Everyone should wish Germany well in its great experiment in renewable energy.
The daughter of an East German pastor, the German chancellor Angela Merkel owes her political career to the peaceful revolution of autumn 1989 — die Wende (the turnaround) — that led to Germany’s reunification. And she may well be remembered for another turning point in the nation’s post-war history — die Energiewende.
Merkel has long been a driving force behind efforts to tackle global warming. The Energiewende, Germany’s solo effort to radically shift its economy to one dominated by renewable sources of energy, is a pragmatic alternative to the largely fruitless efforts of international climate-change diplomacy. If the country’s do-it-yourself tactics bear fruit, it would be cause for renewed optimism in the fight against anthropogenic climate change.
As we report on page 156, Germany aims by mid-century to produce at least 80% of its electricity, and more than half of the energy it needs for heating, from renewable energy sources such as sunlight and wind. Thousands of scientists and engineers are developing the power-storage and transmission technologies required to accommodate tomorrow’s fluctuating energy sources. The task is enormous. Nevertheless, given the growth rate of renewable energies in recent years — and the high level of public acceptance of the policy — the goals could be achieved even earlier than planned.
In the public’s perception, the Energiewende has less to do with global warming than it has with the nuclear disaster at Fukushima in Japan two years ago, which accelerated the proposed phase-out of nuclear power in Germany. In fact, the closure of eight nuclear power plants has made Germany — at least temporarily — more dependent on coal, which will make near-term reduction targets for greenhouse-gas emissions harder to achieve.
The German effort is no less impressive for all that. Merkel and the German public are displaying admirable courage in turning the country into a laboratory for energy policies (and technologies) which could become models for many industrialized countries. That the nation is running this costly and risky self-experiment against the background of a European arch financial crisis should stand as an enduring testament to Merkel’s leadership.
Germany, with its population of some 80 million, is an ideal test ground. The country can afford the Energiewende — which some commentators estimate will cost more than €1 trillion (US$1.3 trillion) — because its economy is doing well. And the country is large and diverse enough — economically, geographically and socially — to make the outcome of the great experiment relevant to the rest of the world.
Merkel and the German public are displaying admirable courage in turning the country into a laboratory for energy policies.
If German’s transition to cleaner energy succeeds, then the country will have learned scientific, technical and economic lessons that it will take to the market place and that will solidify its leadership in green technologies. Countries that might eye the German plans with some scepticism now could eventually build on these technologies when they start to reshape their own energy systems.

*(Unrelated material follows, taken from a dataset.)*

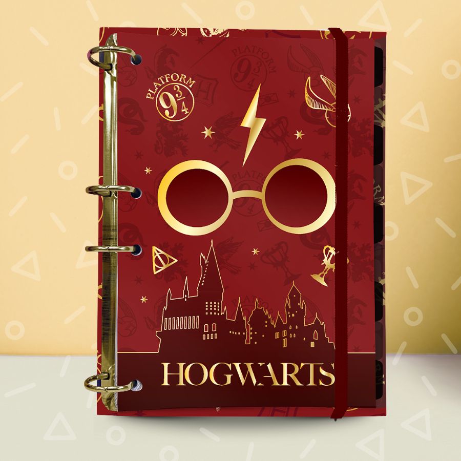 Caderno argolado com 144 folhas decoradas inspiradas em Harry Potter e 10 divisórias plasticas coloridas.
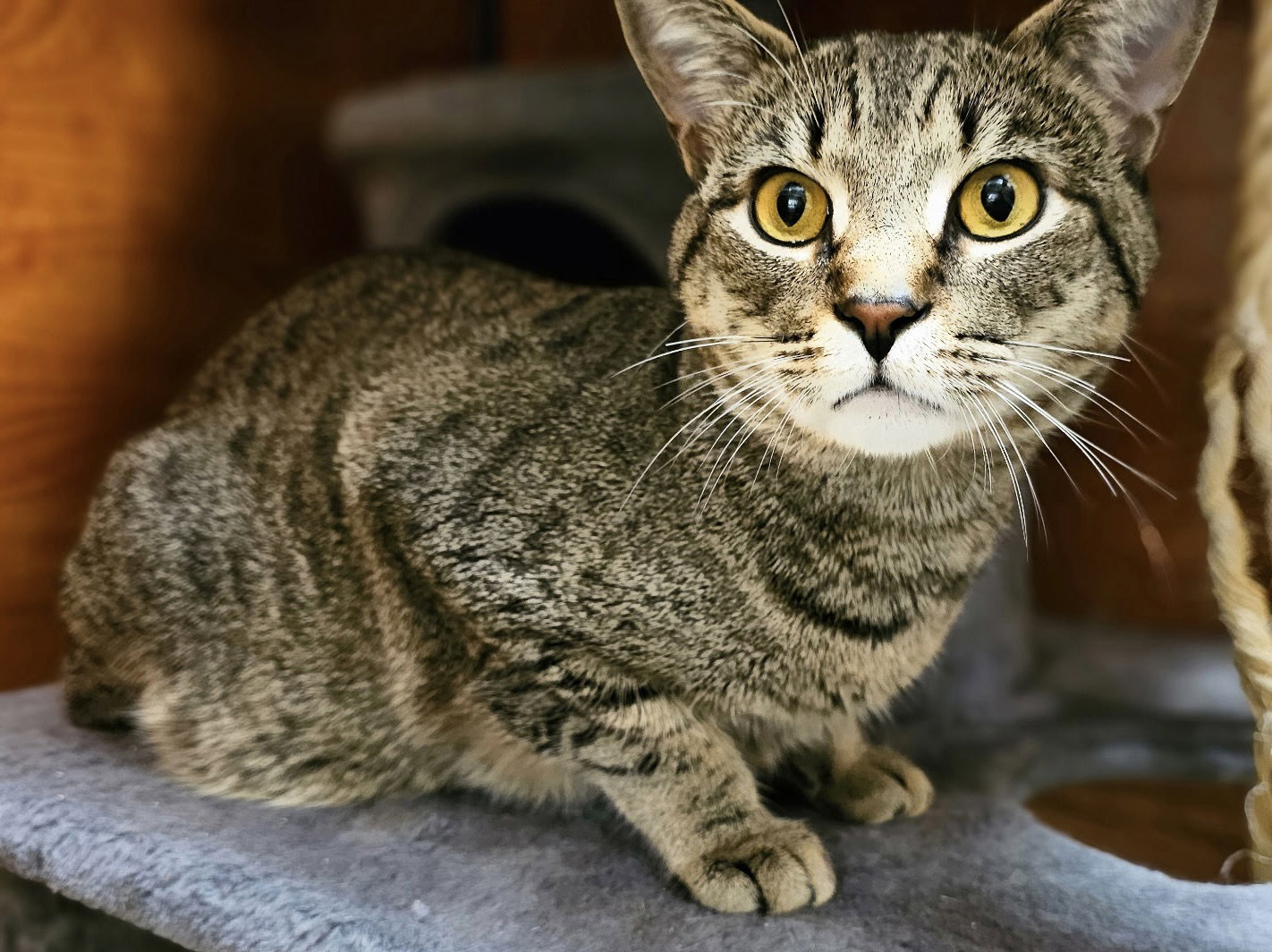 Meet Lee! Lee is a handsome 2-year-old brown tabby with a big heart and an even bigger love for attention. The camera may have added a few extra pounds in some pictures, but don’t be fooled, Lee is actually a lean, athletic boy under those stripes and spots! Lee is the definition of sweet and affectionate. He loves being around people and will happily give you gentle head bonks to politely request more pets. If you’re sitting nearby, there’s a good chance Lee will wander over to say hello and soak up some affection. He also loves his toys! He has an easygoing personality that would make him a great fit for many homes. Lee gets along well with other cats and kids, making him a wonderful all-around family companion. He would prefer a home without dogs. Lee also has an adorable little quirk: before eating, he sometimes tries to “bury” his food like a tiny wilderness survival expert. It’s a hilarious habit, and we’ve included a video on his profile so you can see this funny routine for yourself. If you’re looking for a friendly, loving cat with a dash of personality, Lee might just be your perfect match. Adoption fee: $200, includes first 2 FVRCP vaccines, sterilized, dewormed, flea preventative, microchip If you are interested in adopting, please fill out an application and a representative will get back to you shortly to answer any questions you may have. The adoption policies and applications can be found at the following links: https://fancycats.org/adopt-a-cat and https://fancycats.org/adopt-a-dog. Email us at adoption@fancycats.org for general questions about our rescued cats. Email us at dogadoptions@fancycats.org for general questions about our rescued dogs. See our calendar of adoption events at https://fancycats.org/(scroll towards bottom) You can save animals like this one by becoming a foster! Fosters are like bridges between high kill shelters and forever homes. We need fosters so that we can save cats and dogs before they are euthanized at the shelters. If you are interested in becoming a foster, please visit: https://fancycats.org/volunteer

If the Energiewendefounders, however, it will send out a very negative message. Sceptics worldwide will argue that if Germany can’t make it work, then nobody can. It is crucial, therefore, that Germany maintains its chosen path through whatever storms may come and even if moans about high electricity prices become more audible.
Ultimately, any truly green economy must include all economic sectors. The Energiewende will not be complete without a new approach to transport. It took generous incentives to convince millions of German homeowners to invest in expensive (and aesthetically debatable) rooftop solar panels. Convincing Germans — or any other nation — to switch to battery-driven or electric cars will be even harder. Without incentives for car makers to produce those cars, and for motorists to buy them, it will not happen. But as seen in the rush for the ‘cash for clunkers’ bonus (as part of the economic stimulus of 2009 the German government paid car owners a €2,500 premium to exchange a car more than nine years old for a new one), such incentives can mobilize massive behavioural change. An effective green-car programme, backed by investment in the necessary infrastructure, would be an unmistakable signpost on the road to the post-fossil-fuel age — and not only in Germany.